Он наполнил стаканы, но пить, как и прапорщик, не стал, неожиданно помрачнел, начал сетовать на свою судьбу, потом заговорил о том, что он противник всяких партий, причем заговорил не дилетантски, но обстоятельно.

— Я понимаю, что война неизбежно кончится нашим поражением. Это ясно и вам, и мне. Скажу просто: Россия не была готова к войне так же, как в свое время к ней не была готова Турция. И результат: турок пало более сорока тысяч человек, три четверти артиллерии достались болгарам. А сколько наших погибло сейчас? Я не располагаю точными сведениями, но это очевидно — значительно больше. Здесь миллионами пахнет. А во имя чего? Во имя чего, скажите мне, Николай Васильевич? Я сам вам скажу, это секрет для дураков. Если Германии хочется заполучить Польшу и Украину, то нам не терпится прибрать к рукам Константинополь, Черноморские проливы и Галицию. Дорогой мой Николай Васильевич, зачем мне Галиция? Скажите мне, зачем вашему сухопутному моряку Седойкину, к примеру, Черноморские проливы?

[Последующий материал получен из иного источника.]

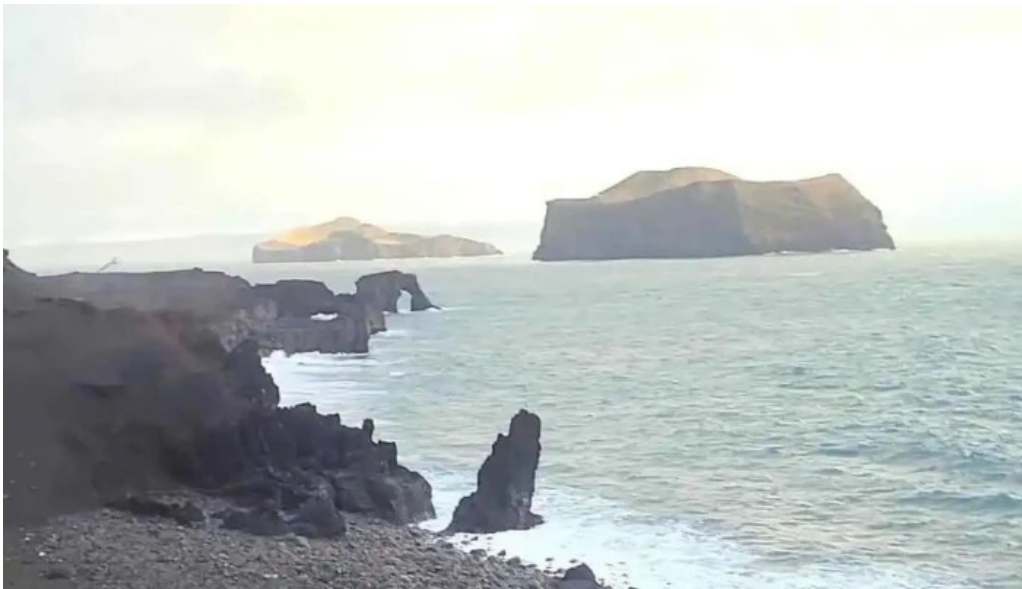
Volcano atv myndskaid

Он, казалось, быстро пьянел и уже не следил за тем, пьет ли прапорщик. Тот не пил, с любопытством слушал и едва приметно улыбался, будто хотел сказать: «А вы артист, Белонравов!» Он видел, что бывший жандарм всеми силами старается войти к нему в доверие, именно поэтому и затеял разговор о возможном поражении России.

Белонравов между тем кривил в усмешке губы, бормотал что-то несвязное, будто хмель основательно одурманил его. Николаю Васильевичу сделалось противно наблюдать эту игру — он ушел бесцеремонно, как уходят от пьяного.

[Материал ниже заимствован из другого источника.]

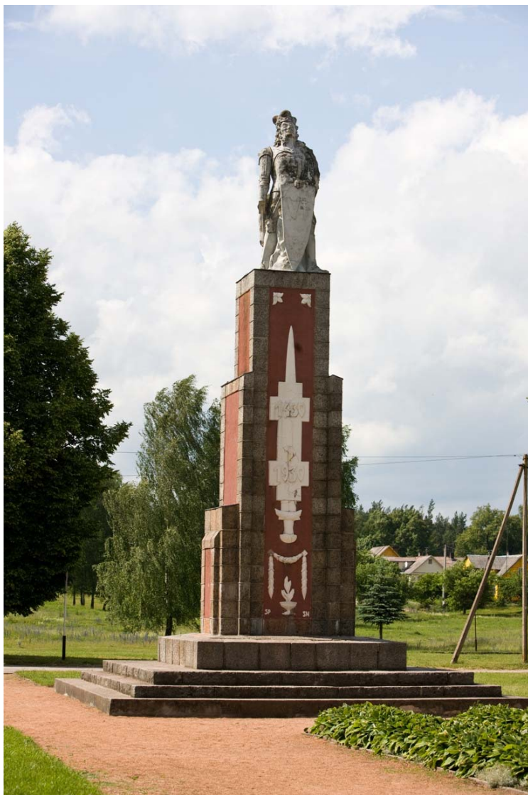
Vytauto Didžiojo paminklas Perlojoje

Tarpukariu perlojiškiai per porą metų pasistatė bažnyčią 1928-1930 m., o 1931 m. - paminklą Vytautui Didžiajam. Šį paminklą perlojiškiai išsaugojo per visą sovietų okupaciją.

Нет, бывший подполковник нисколько не изменился с тех пор, когда они были в несколько других отношениях. Та же полицейская вкрадчивость, та же манера говорить, та же повадка. «Я считал вас умнее, господин Белонравов, что ж, поиграйте, посмотрим, надолго ли вас хватит» — так думал Николай Васильевич, пробираясь к своему подразделению извилистыми окопами.

26

Переодетый во все новое, с пышным красным бантом над георгиевским крестом, ротный напоминал артиста в бенефис. Он шагнул навстречу прапорщику, не говоря ни слова, обнял и трижды облобызал.

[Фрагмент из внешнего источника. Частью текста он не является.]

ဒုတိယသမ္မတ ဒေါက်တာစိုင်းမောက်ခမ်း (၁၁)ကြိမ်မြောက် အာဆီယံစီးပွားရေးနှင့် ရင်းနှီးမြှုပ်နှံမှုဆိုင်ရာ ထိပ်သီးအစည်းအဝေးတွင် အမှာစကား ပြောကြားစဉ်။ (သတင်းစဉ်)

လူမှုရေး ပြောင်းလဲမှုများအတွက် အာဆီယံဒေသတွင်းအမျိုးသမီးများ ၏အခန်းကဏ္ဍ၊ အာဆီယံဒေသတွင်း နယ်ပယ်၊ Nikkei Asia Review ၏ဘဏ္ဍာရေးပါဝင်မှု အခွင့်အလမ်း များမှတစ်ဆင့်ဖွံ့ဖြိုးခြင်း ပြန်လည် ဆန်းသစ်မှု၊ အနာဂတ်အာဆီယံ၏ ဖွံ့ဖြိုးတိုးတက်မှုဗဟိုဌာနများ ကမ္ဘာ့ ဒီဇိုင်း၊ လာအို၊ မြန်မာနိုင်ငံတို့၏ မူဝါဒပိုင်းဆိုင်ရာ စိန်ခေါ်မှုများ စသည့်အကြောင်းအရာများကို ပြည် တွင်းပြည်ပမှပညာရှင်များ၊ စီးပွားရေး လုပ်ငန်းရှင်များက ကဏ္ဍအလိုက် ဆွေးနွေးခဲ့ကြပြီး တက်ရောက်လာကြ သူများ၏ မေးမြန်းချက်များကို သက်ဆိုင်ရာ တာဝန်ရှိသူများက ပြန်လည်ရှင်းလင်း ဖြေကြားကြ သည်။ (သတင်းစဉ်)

— Радуйтесь, прапорщик, царь низложен, в России — революция! Теперь, дорогой мой Николай Васильевич, исполнилось то, о чем вы мечтали: не империя, но свободная страна у нас за плечами, и мы должны обезопасить ее от внешнего врага, победить его во что бы то ни стало.

Весть о революции распространилась по фронтам, обежала окопы, как огонь по бикфордову шнуру. Возбужденные солдаты втыкали штыки в землю, братались со вчерашним врагом. И те и другие изъяснялись жестами, радостными выкриками, просто улыбками и отлично понимали друг друга. В ходу было одно слово, одинаково понятное и немцам и русским: Frieden!

Белонравов и Крыленко, хотя и были оба русскими, не понимали друг друга. То, что для первого было венцом, для второго — только началом.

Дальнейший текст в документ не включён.